A simple and effective approach is to split the function into multiple parts and persist values in a temporary table. This ensures expressions are only evaluated once, and only where missing values are still present. Based on the examples above, it may look like this:
CREATE TABLE #Posts (
PostID INT PRIMARY KEY,
AnswerCount INT
);
INSERT INTO #Posts
SELECT Id, AnswerCount
FROM dbo.Posts
WHERE PostTypeId = 1; /* Question */
UPDATE p
SET p.AnswerCount = (
SELECT COUNT(1)
FROM dbo.Posts x
WHERE x.PostTypeId = 2 /* Answer */
AND x.ParentID = p.PostID)
FROM #Posts p
WHERE p.AnswerCount IS NULL;
UPDATE p
SET p.AnswerCount = 0 /* Default */
FROM #Posts p
WHERE p.AnswerCount IS NULL;
Another option is to build a native CASE statement with selective clauses in order of increasing complexity.
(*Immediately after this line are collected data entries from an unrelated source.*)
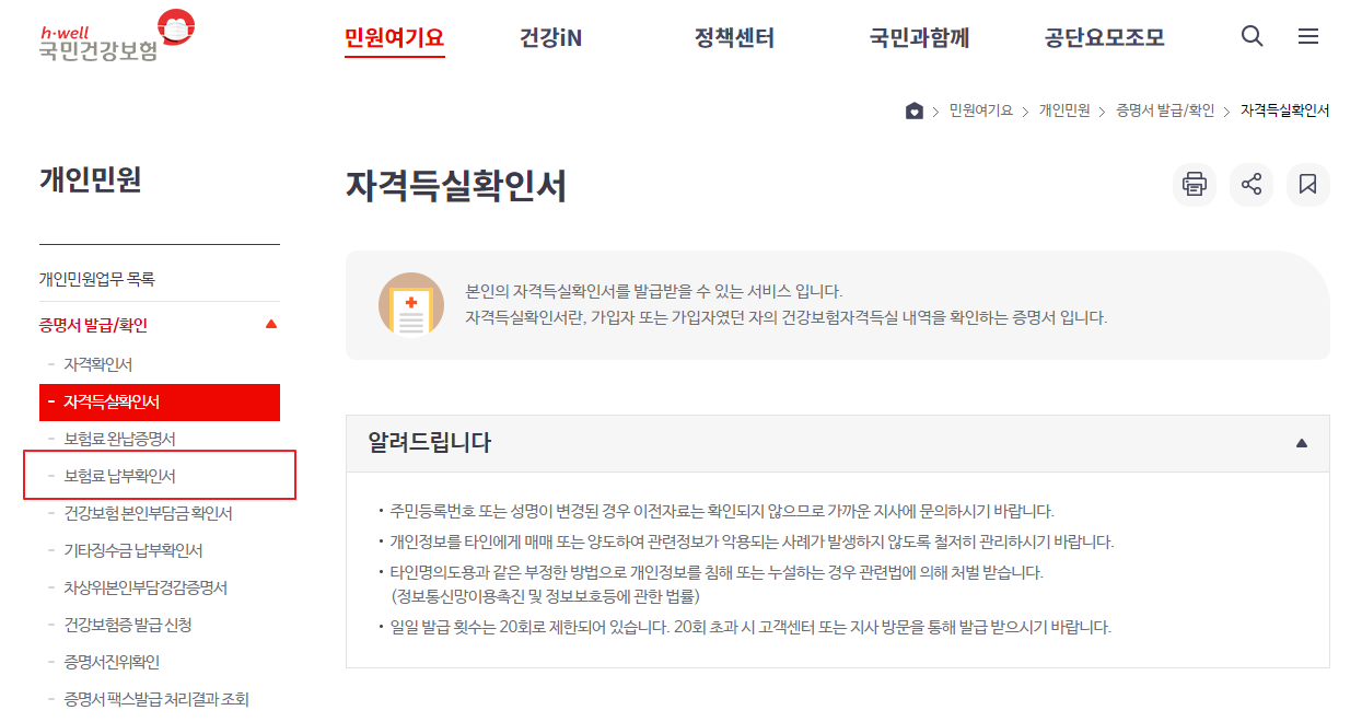 그러면 아래와 같은 화면이 나오게 되는데요. 왼쪽 메뉴에 증명서 발급/확인을 위한 여러개의 메뉴가 있습니다. 그중에서 "보험료 납부확인서" 를 클릭을 하시면 건강보험려납부내역서를 뽑아 볼수가 있습니다.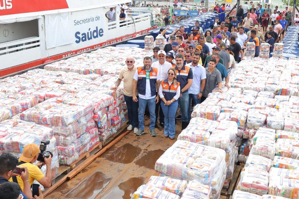 O governador Wilson Lima realizou, nesse sábado (14), a entrega de 2 mil cestas de alimentos, cerca de 40 toneladas de produtos essenciais, para a população do município de Anamã (distante 165 quilômetros de Manaus). Durante as ações, que integram a Operação Cheia 2025, o governador visitou casas do município e entregou pessoalmente a ajuda humanitária para famílias afetadas pela enchente do rio Solimões.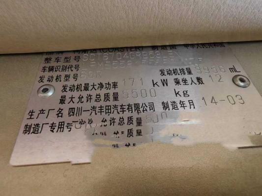 粤A牌国四豪华版考斯特12座,2014年3月上牌,,6GR4.0汽油机,冰箱,办公桌,真皮座椅,第一个座椅可旋转,天窗,原厂外摆门,封闭窗,送一年交强险,刚刚年审.
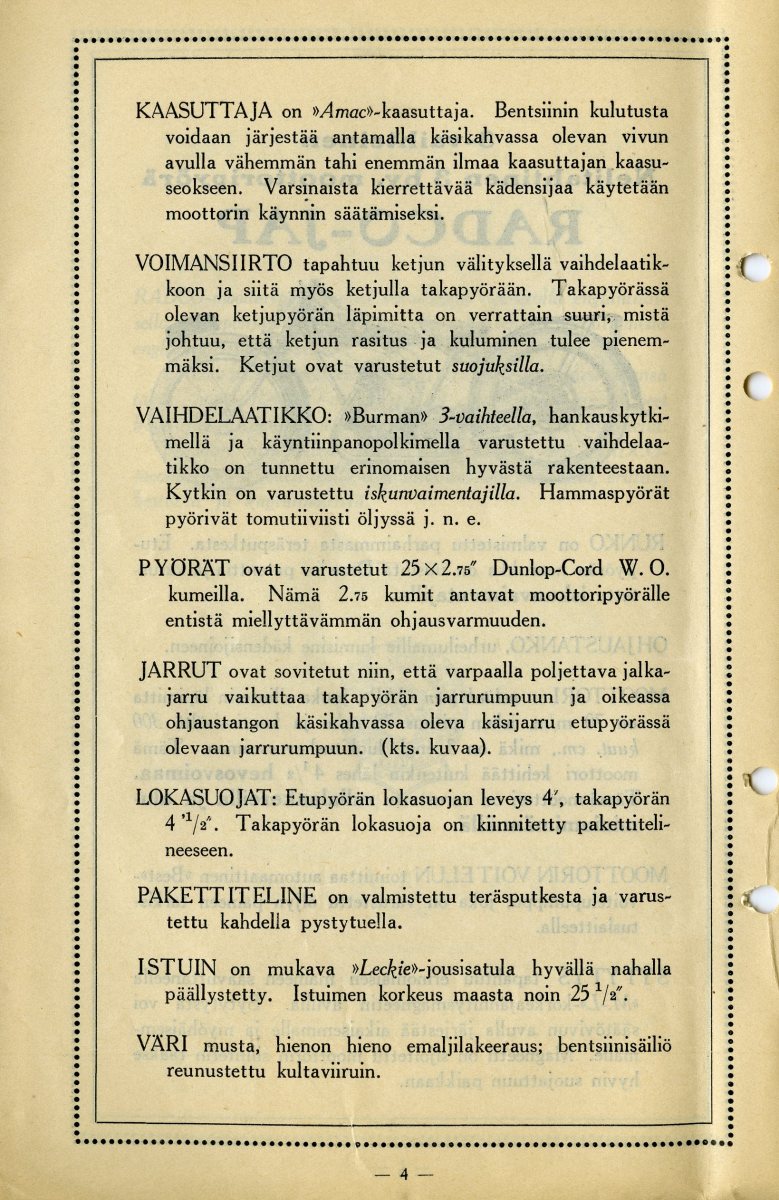 Radco-moottoripyörien esite vuodelta 1928 löytyi Keskusosuusliike Hankkijan arkistosta. Neli- ja kaksitahtisten moottoripyörien esite alla digitoituna. Esitteen mukaan pyörillä saattoi tavallisilla maanteillä ajaa noin viittäkymppiä ja bentsiiniä kului noin 1 litra/50 km. Lisää teknisiä tietoja esitteestä.

The goal here is to get the benefit of short-circuiting and drop out of the CASE as soon as it’s feasible to find a result. Logic for expensive expressions should be as late as possible to try and avoid their evaluation. Short circuit evaluation isn’t strictly guaranteed, so this approach will reduce the risk but not eliminate entirely.
It should also be noted that a solid schema design can avoid complications with either of these. Ensuring that column values are populated and fields marked as NOT NULL, we negate the behaviour above as the engine will optimise and simplify the plan accordingly.
Wrap up
In this post we’ve looked at expression evaluation with ISNULL and COALESCE functions. Whilst both work well for simple column references, introducing complex expressions, subqueries, or functions can become expensive if evaluation isn’t considered.
The ISNULL function can add overhead by evaluating fallback expressions which aren’t needed, and COALESCE can evaluate expressions multiple times due to the underlying CASE statement.
With a solid understanding of both your data and these functions, you can make decisions on which function is most appropriate. If the cost for evaluation is too high, we’ve looked at alternatives which may be more effective. These will be more verbose, however they’ll provide greater control over expression evaluation and reduce the risk of surprises.
When eliminating NULL values using expressions, the choice between ISNULL vs. COALESCE changes from preference to performance.